Tanpa Makan Malam Sambil Nonton TV saat Program Diet, Ini Efeknya

Tanpa Makan Malam Sambil Nonton TV saat Program Diet, Ini Efeknya

–>

Suara. com – Kebanyakan orang senang dahar malam sambil menonton film ataupun TV. Akibatnya, banyak orang jadi tidak sadar makan malam datang kenyang di depan TV.

Para peneliti dari University of Sussex sudah mengungkapkan bahwa orang cenderung tak mengontrol jumlah makanan yang dikonsumsi ketika indera teralihkan dengan acara televisi.

Di dalam studi mereka, tim menguji 120 peserta dengan memberinya makanan sedikit kalori atau tinggi kalori bersaingan dengan tugas yang membutuhkan banyak perhatian.

Tim menemukan bahwa peserta dengan menyelesaikan tugas dengan perhatian mulia cenderung makan kurang lebih sesuai dengan jumlah camilan lanjutan, jatuh dari minuman berkalori tinggi ataupun rendah yang dikonsumsi.
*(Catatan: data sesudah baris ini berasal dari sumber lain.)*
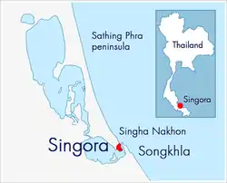 The Sultanate of Singora, sometimes known as Songkhla at Khao Daeng, was a port city in the deep south of Thailand and precursor of the present-day town of Songkhla. It was located near the southern tip of the Sathing Phra peninsula, on and around the foothills of Khao Daeng Mountain in Singha Nakhon.[1] British and Dutch East India Company traders called the city Sangora; Japanese officials knew it as Shinichu; contemporary French writers used the names Singor, Cingor and Soncourat.[2]

Namun, banyak orang yang menyelesaikan tugas dengan mengindahkan rendah bisa menyesuaikan berapa banyak camilan tambahan yang dikonsumsi.

Makan sambil nonton TV. (JESHOOTS. com/Pexels)
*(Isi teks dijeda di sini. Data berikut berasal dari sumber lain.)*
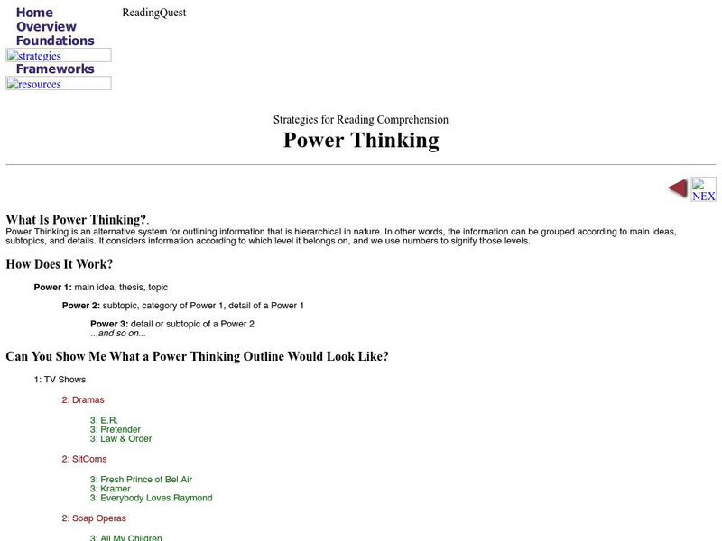 Reading Quest: Strategies for Reading Comprehension: Power Thinking

Itu yang mengonsumsi minuman berkalori tinggi mengonsumsi 45 persen lebih kurang camilan dibandingkan mereka yang mengonsumsi minuman berenergi lebih rendah.
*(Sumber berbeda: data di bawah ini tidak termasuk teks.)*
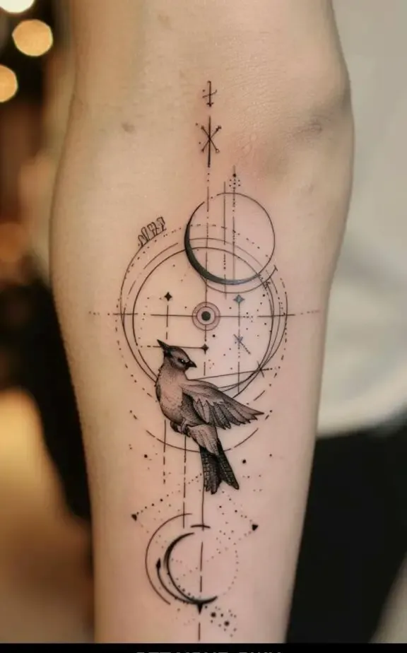 Birds symbolize freedom and communication, aligning well with Gemini traits. A tattoo of twin birds or birds incorporated with the Gemini glyph can be both symbolic and visually appealing. This design works well on the shoulder, back, or forearm.
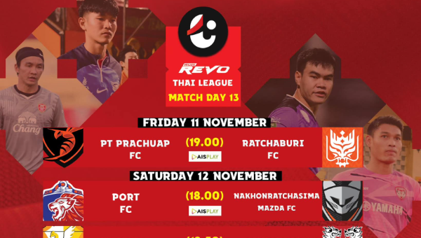 โปรแกรมเชียร์ฟุตบอล REVO THAI LEAGUE 2022/23 ประจำสัปดาห์ที่ 13 มีลงสนาม 6 คู่ หลังบุรีรัมย์ ยูไนเต็ด และบีจี ปทุม ยูไนเต็ด โยกไปเตะกลางสัปดาห์ที่ผ่านมาแล้ว เนื่องจากมีโปรแกรมเตะเจลีก เอเชีย ชาลเลนจ์

“Studi kami menunjukkan bahwa jika Anda prasmanan atau minum saat perhatian terhambat oleh pekerjaan atau televisi, Anda cenderung makan lebih kenyang atau penuh, ” kata Profesor Martin Yeomans dari School of Psychology dalam Universitas Sussesx dikutip dari Mirror UK.

Setelahnya, Anda lebih cenderung tetap ngemil daripada kalau makan sambil melakukan sesuatu yang kurang menarik. Hal ini istimewa diperhatikan bagi semua orang dengan sedang menjaga berat badannya. Jika terbiasa menonton TV, film ataupun tayangan audio dan visual, Kamu tidak mungkin memperhatikan sudah kenyang atau belum ketika makan.

“Kami telah tahu bahwa merasa kenyang sanggup dipengaruhi oleh tekstur dan bentuk makanan. Kini, kami juga tahu bahwa tingkat kekenyangan juga tergantung dengan seberapa banyak rasa cukup yang kami rasakan, termasuk fakta sensorik yang diproses otak, ” jelasnya.